* Required action
The listing must be copied out in full and exactly; no images go with it.

* Provided data
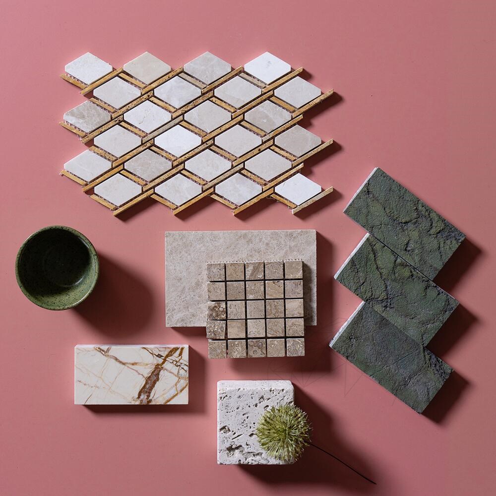 La mosaique en marbre beige et travertin yellow maze poli est un choix polyvalent et intemporel, capable de transformer n'importe quel espace en un sanctuaire elegant.
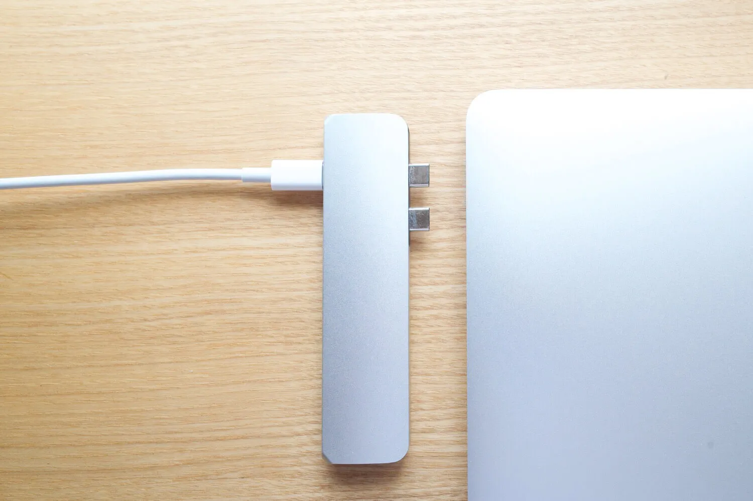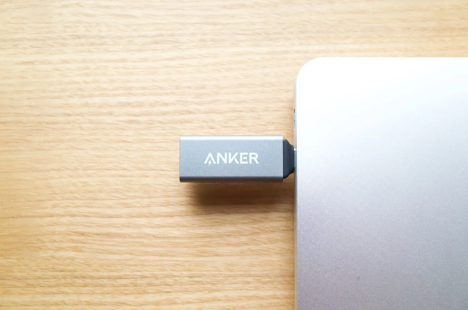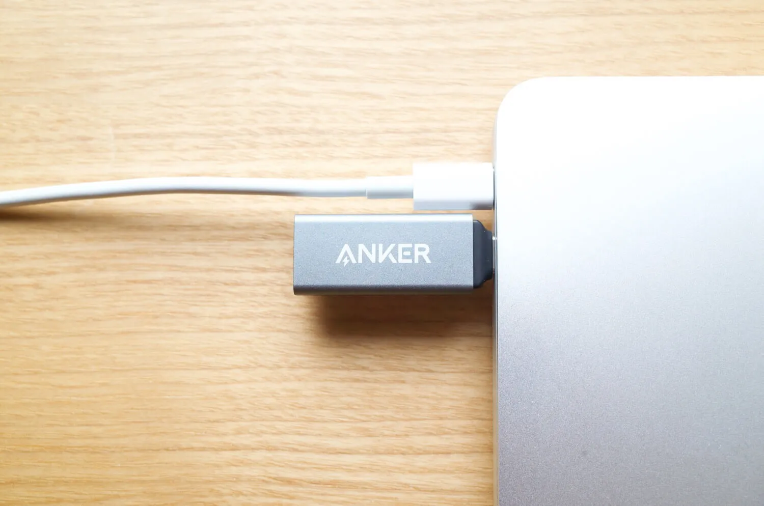本体が小型かつ細身であるというのもポイント。 写真のように、本体奥側のもう一つのUSB-Cポートと干渉しない。そのため、他の接続機器をいちいち取り外す必要がなく便利。 本体はアルミ製で軽いため、USB-Cポートに余計な負荷が掛かる心配はなさそうだ。
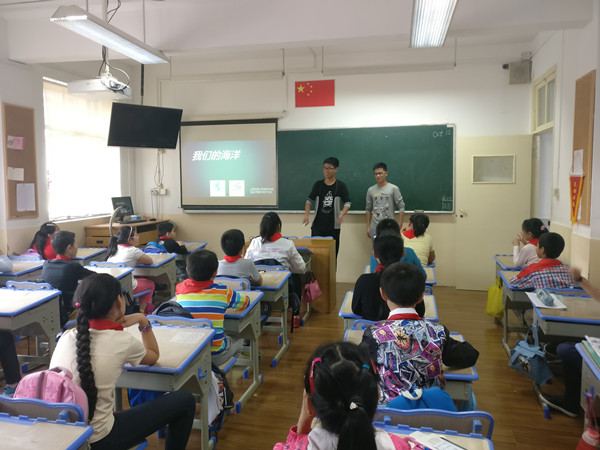 10月12日下午,由金年汇金字招牌官网入口海洋协会和蓝丝带海洋保护协会共同举办的“未蓝计划”海洋科普进校园活动来到上海市北京东路小学进行科普授课。
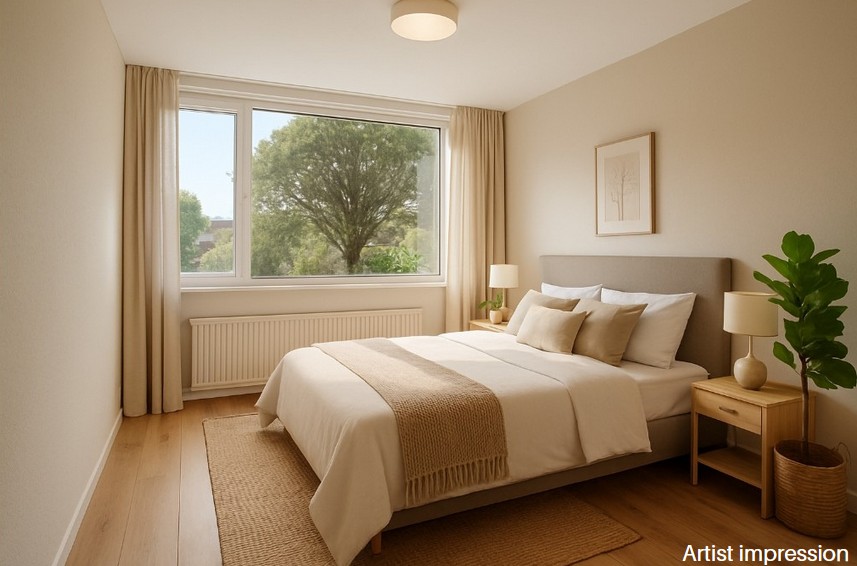De overloop biedt toegang tot drie slaapkamers, die stuk voor stuk licht en ruim aanvoelen. De kamers zijn praktisch ingedeeld en daardoor flexibel te gebruiken als slaapkamer, thuiskantoor of hobbyruimte.

* Solution for this problem
 La mosaique en marbre beige et travertin yellow maze poli est un choix polyvalent et intemporel, capable de transformer n'importe quel espace en un sanctuaire elegant.
本体が小型かつ細身であるというのもポイント。 写真のように、本体奥側のもう一つのUSB-Cポートと干渉しない。そのため、他の接続機器をいちいち取り外す必要がなく便利。 本体はアルミ製で軽いため、USB-Cポートに余計な負荷が掛かる心配はなさそうだ。
 10月12日下午,由金年汇金字招牌官网入口海洋协会和蓝丝带海洋保护协会共同举办的“未蓝计划”海洋科普进校园活动来到上海市北京东路小学进行科普授课。
De overloop biedt toegang tot drie slaapkamers, die stuk voor stuk licht en ruim aanvoelen. De kamers zijn praktisch ingedeeld en daardoor flexibel te gebruiken als slaapkamer, thuiskantoor of hobbyruimte.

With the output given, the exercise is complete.